§ **Aim of the task**
Repeat the data precisely as given.

=======

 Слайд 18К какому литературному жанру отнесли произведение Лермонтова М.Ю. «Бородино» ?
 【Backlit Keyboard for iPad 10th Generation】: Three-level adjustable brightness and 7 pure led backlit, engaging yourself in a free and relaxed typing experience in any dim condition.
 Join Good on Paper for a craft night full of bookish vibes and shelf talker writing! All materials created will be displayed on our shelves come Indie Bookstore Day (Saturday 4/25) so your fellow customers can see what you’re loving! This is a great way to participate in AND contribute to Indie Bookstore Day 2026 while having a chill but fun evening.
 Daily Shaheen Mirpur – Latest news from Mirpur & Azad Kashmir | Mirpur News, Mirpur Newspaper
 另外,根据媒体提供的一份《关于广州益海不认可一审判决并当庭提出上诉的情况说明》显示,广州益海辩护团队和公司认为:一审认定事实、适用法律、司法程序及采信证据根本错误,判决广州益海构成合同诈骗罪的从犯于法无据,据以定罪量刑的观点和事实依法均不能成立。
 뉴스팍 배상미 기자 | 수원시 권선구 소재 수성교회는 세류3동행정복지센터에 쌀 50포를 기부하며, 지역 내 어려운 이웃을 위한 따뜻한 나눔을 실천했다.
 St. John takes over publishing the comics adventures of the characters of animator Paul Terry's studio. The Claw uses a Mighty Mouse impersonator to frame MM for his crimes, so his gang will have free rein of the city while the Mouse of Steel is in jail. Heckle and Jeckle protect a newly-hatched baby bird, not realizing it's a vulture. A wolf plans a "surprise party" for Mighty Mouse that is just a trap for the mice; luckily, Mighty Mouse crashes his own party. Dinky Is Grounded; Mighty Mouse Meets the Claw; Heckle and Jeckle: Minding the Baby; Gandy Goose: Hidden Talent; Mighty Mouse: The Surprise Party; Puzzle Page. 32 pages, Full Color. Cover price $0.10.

=======

§ **Problem solution**
 Слайд 18К какому литературному жанру отнесли произведение Лермонтова М.Ю. «Бородино» ?
 【Backlit Keyboard for iPad 10th Generation】: Three-level adjustable brightness and 7 pure led backlit, engaging yourself in a free and relaxed typing experience in any dim condition.
 Join Good on Paper for a craft night full of bookish vibes and shelf talker writing! All materials created will be displayed on our shelves come Indie Bookstore Day (Saturday 4/25) so your fellow customers can see what you’re loving! This is a great way to participate in AND contribute to Indie Bookstore Day 2026 while having a chill but fun evening.
 Daily Shaheen Mirpur – Latest news from Mirpur & Azad Kashmir | Mirpur News, Mirpur Newspaper
 另外,根据媒体提供的一份《关于广州益海不认可一审判决并当庭提出上诉的情况说明》显示,广州益海辩护团队和公司认为:一审认定事实、适用法律、司法程序及采信证据根本错误,判决广州益海构成合同诈骗罪的从犯于法无据,据以定罪量刑的观点和事实依法均不能成立。
 뉴스팍 배상미 기자 | 수원시 권선구 소재 수성교회는 세류3동행정복지센터에 쌀 50포를 기부하며, 지역 내 어려운 이웃을 위한 따뜻한 나눔을 실천했다.
 St. John takes over publishing the comics adventures of the characters of animator Paul Terry's studio. The Claw uses a Mighty Mouse impersonator to frame MM for his crimes, so his gang will have free rein of the city while the Mouse of Steel is in jail. Heckle and Jeckle protect a newly-hatched baby bird, not realizing it's a vulture. A wolf plans a "surprise party" for Mighty Mouse that is just a trap for the mice; luckily, Mighty Mouse crashes his own party. Dinky Is Grounded; Mighty Mouse Meets the Claw; Heckle and Jeckle: Minding the Baby; Gandy Goose: Hidden Talent; Mighty Mouse: The Surprise Party; Puzzle Page. 32 pages, Full Color. Cover price $0.10.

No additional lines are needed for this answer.